Data selection tools
Genomes, genes and functions can be selected using browsers and search tools. Browsers allow users to select genomes and functions organized as alphabetical lists or using domain specific hierarchical classifications. Keyword search tools allow identifying genomes, genes and functions of interest using a variety of selection filters. Genomes can be also selected using a search tool which allows specifying conditions involving metadata attributes, such as temperature range, oxygen requirement or ecosystem, while genes can be also selected using BLAST search tools against various data sets.
IMG’s data selection tools have been extended in order to improve their efficiency and usability. For example, genomes can be selected using ‘Genome Browser’ or ‘Genome Search’, as illustrated in .

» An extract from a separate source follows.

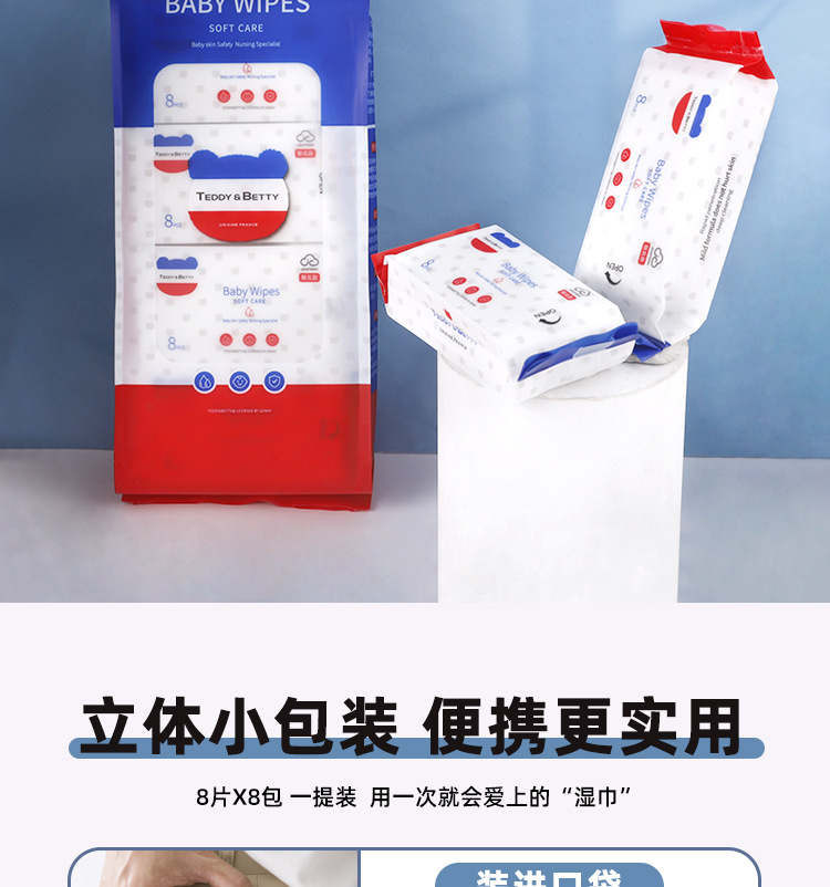 「34.9到手三组!一组8包」洁克琳迷你便携湿巾8包装 居家日用加厚一次性旅行温和清洁手口湿巾

Figure 2. Genome browser and search tools. The ‘Genome Browser’ displays the genomes organized in a phylogenetic tree or (i) in a tabular list that can be configured by (ii) adding or removing genome, metadata or annotation specific columns. (iii (more ...)

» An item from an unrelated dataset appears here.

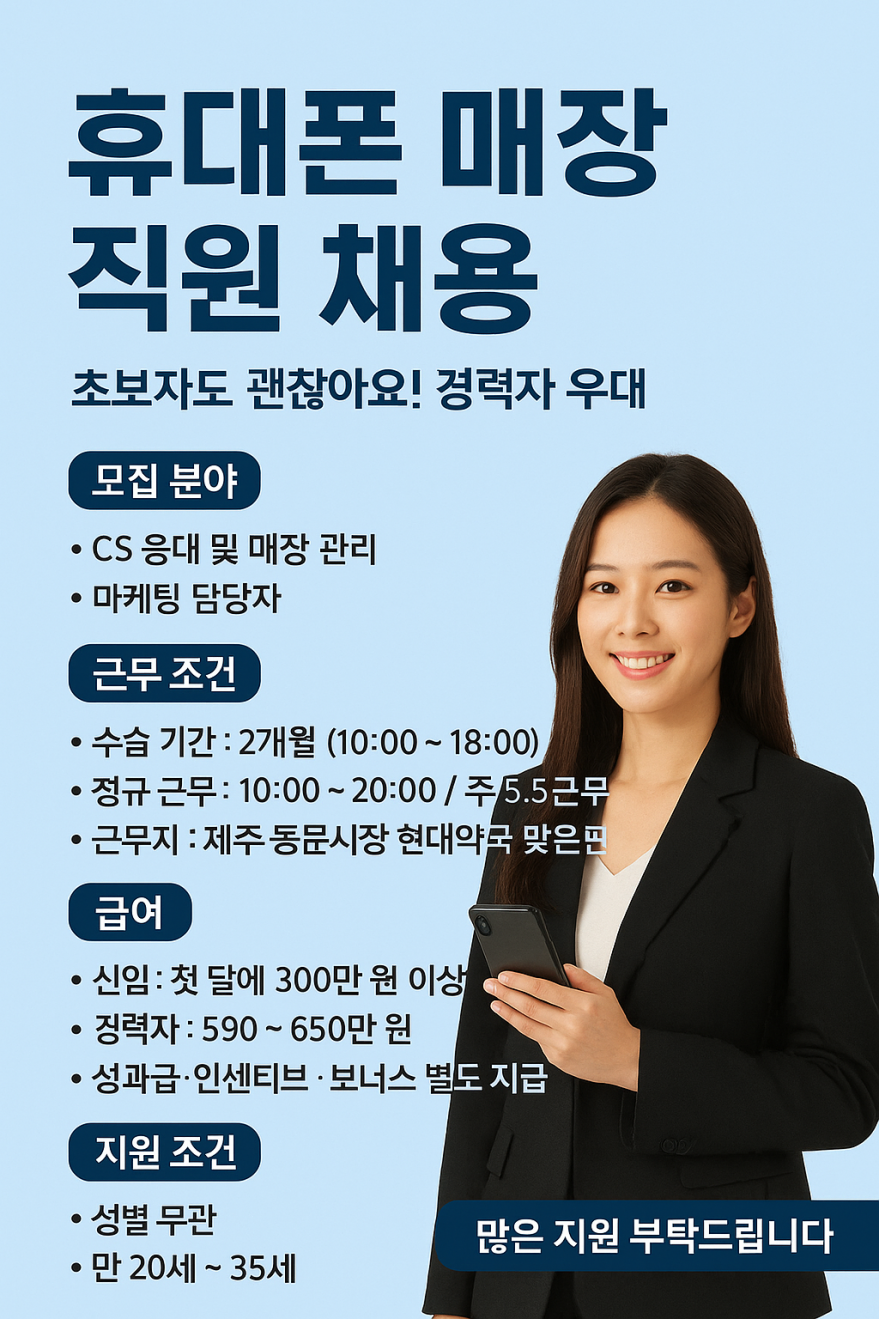 3) 기본 CS업무 매장 관리라 판매만 하는 업무 아니고 제주도 내 동문 시장 현대 약국 맞은편 제일 오래된 매장으로 유동 인구 및 방문 고객
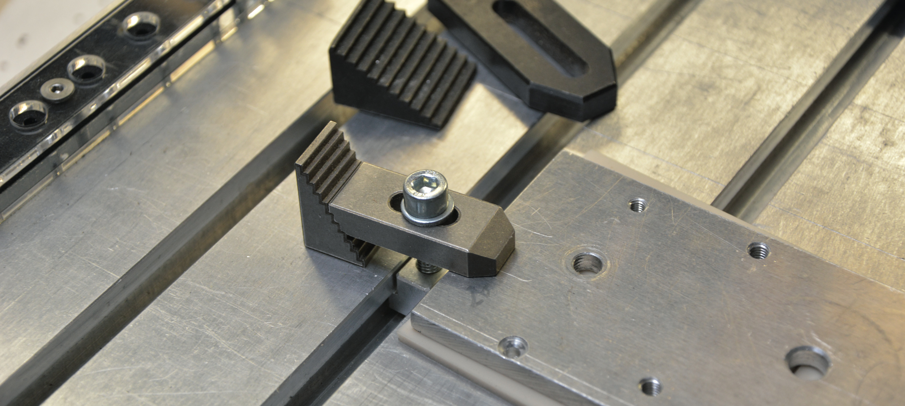 Die p rofessionelle Alternative zum Festschrauben sind die so genannten Spannpratzen: Die mit einem Langloch versehenen Riegel (ab 20 Euro pro Satz) lassen sich durch untergelegte Treppchen auf verschiedene Werkstückhöhen einstellen. Sie eignen sich vor allem für Maschinen mit einer T-Nutenplatte; dort können sie mit Nutensteinen variabel befestigt werden.

The ‘Genome Browser’ displays the genomes organized in a phylogenetic tree or in a tabular format as illustrated in (i). The tabular display of genomes has a dynamic layout, with columns than can be resized, reordered and sorted on content, configurable page display size, and an export capability for saving tables as Excel spreadsheets or tab delimited files. A ‘Column Selector’ allows to hide columns. The genome table can be also reconfigured by adding or removing genome, metadata or annotation specific columns, as illustrated in (ii). Note that the number of metadata attributes associated with genomes has increased substantially in the past few years, whereby the data for these attributes is collected from GOLD (2
). ‘Genome Search’ allows searching genomes on genome or metadata specific fields, as illustrated in (iii).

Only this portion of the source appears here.